Теперь, перечитав эти строки, невольно ставшие моим прощальным словом, я думаю, как мы еще часто бываем недостаточно щедры к живым, если приходится доказывать, как мало еще знаем мы тех, кто несет на себе небесный свод, как атланты в известной песне; кто своей ежедневной работой на опасном, переднем краю рвущейся в небо техники каждый день готов закрыть собой нашу землю от всех пожаров...

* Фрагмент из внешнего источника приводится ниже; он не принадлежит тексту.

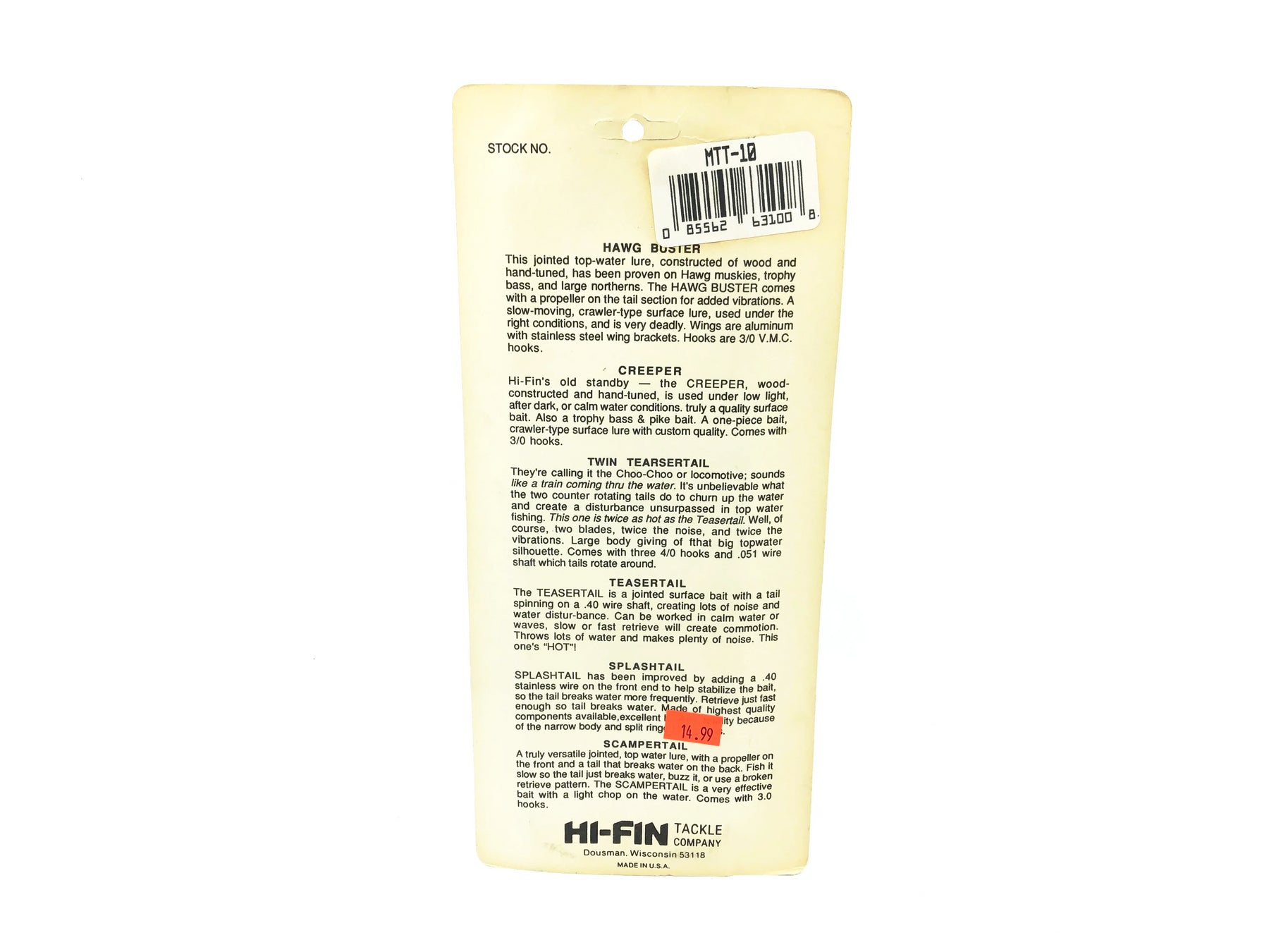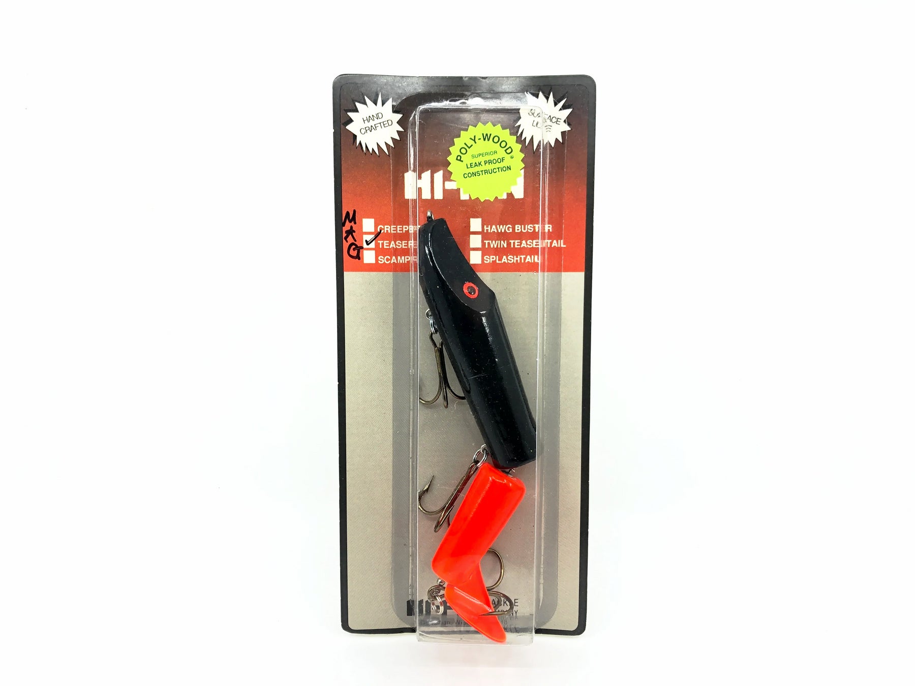 Hi-Fin Magnum Teasertail, Black/Blaze Orange Tail Color on Card. Great topwater bait. Lure body is about 7 1/2" long. This bait is new on card and the card is in great condition. See photos.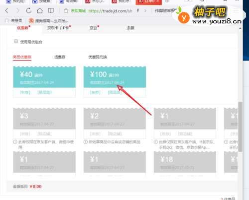 5选择好需要购买的商品后去结算页面,就可以正常的使用该优惠券。如图所示: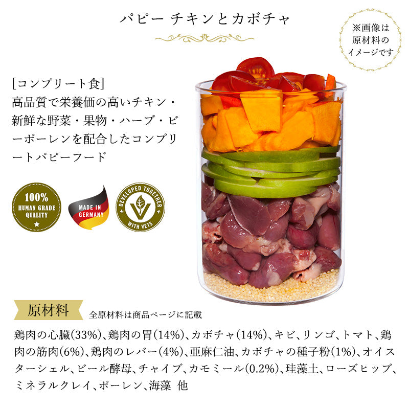高品質で栄養価の高いチキン・新鮮な野菜・果物・ハーブ・ビーポーレンを配合したコンプリートパピーフードです。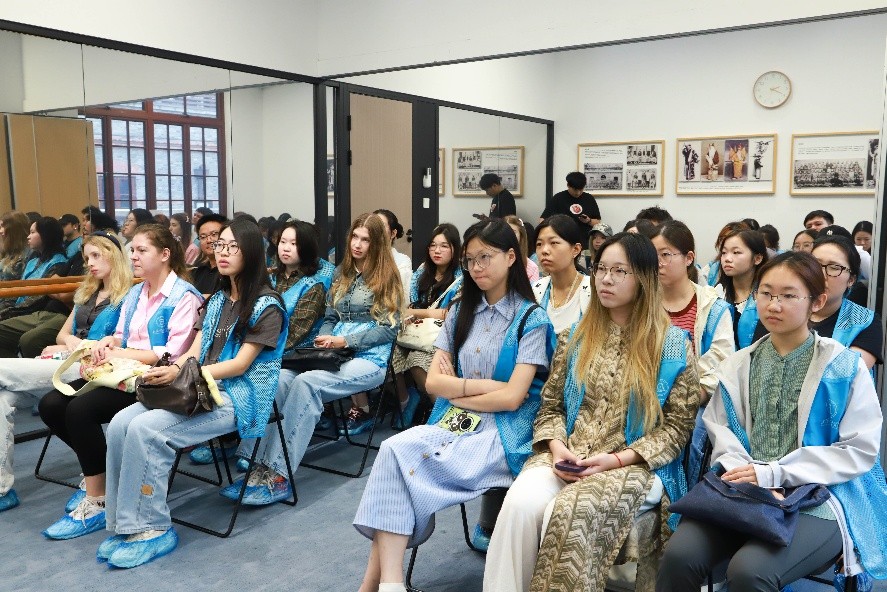 作为余派老生、国家一级演员及上海市非遗传承人,王珮瑜的演唱古朴隽永,扮相俊秀儒雅,唱念做表皆具大家风范。这堂课从瑜音社一楼的京剧小博物馆开始,精美绝伦的戏服行头、栩栩如生的道具与古朴的传统乐器静静陈列,仿佛一部立体的京剧史书。同学们不仅驻足观赏,更在讲解老师指导下亲手击响铙钹、敲响小锣。当清亮的锣声在展厅中回荡,传统艺术瞬间“活”了起来,化为一次真切可感的互动与对话,引发现场同学们的阵阵赞叹。这不只是参观,更是“预热”。当大家带着对京剧的好奇与期待步入主课堂时,主讲人王珮瑜老师已等候在此,一场关于京剧之美的深度解码正式开启。

Я знаю, что даже писать мне теперь будет трудно — одному крылу без другого. Каждый, кто с чистой совестью пережил войну, не может не сказать перед теми, кто погиб, — в морской или в самой обычной пехоте: простите, что мы еще живы и судьба тогда пощадила нас. Но время проходит, и кто-то снова будет опять с детства стремиться вслед за своим косым дождем, куда-то за горизонт, и кто-то должен опять позвать их в этот путь, как звали нас в свое время те дорогие нам имена, что после себя оставляют огонь, а не пепел.
РАБОЧИЕ НАШЕГО НЕБА
С зарею он входил под роковые своды,
Ногою твердою переступив порог;
Он, как поденщик, выполнял урок;
Безмолвный, яростный, с лицом оцепенелым,
Весь день он занят был своим бессмертным делом.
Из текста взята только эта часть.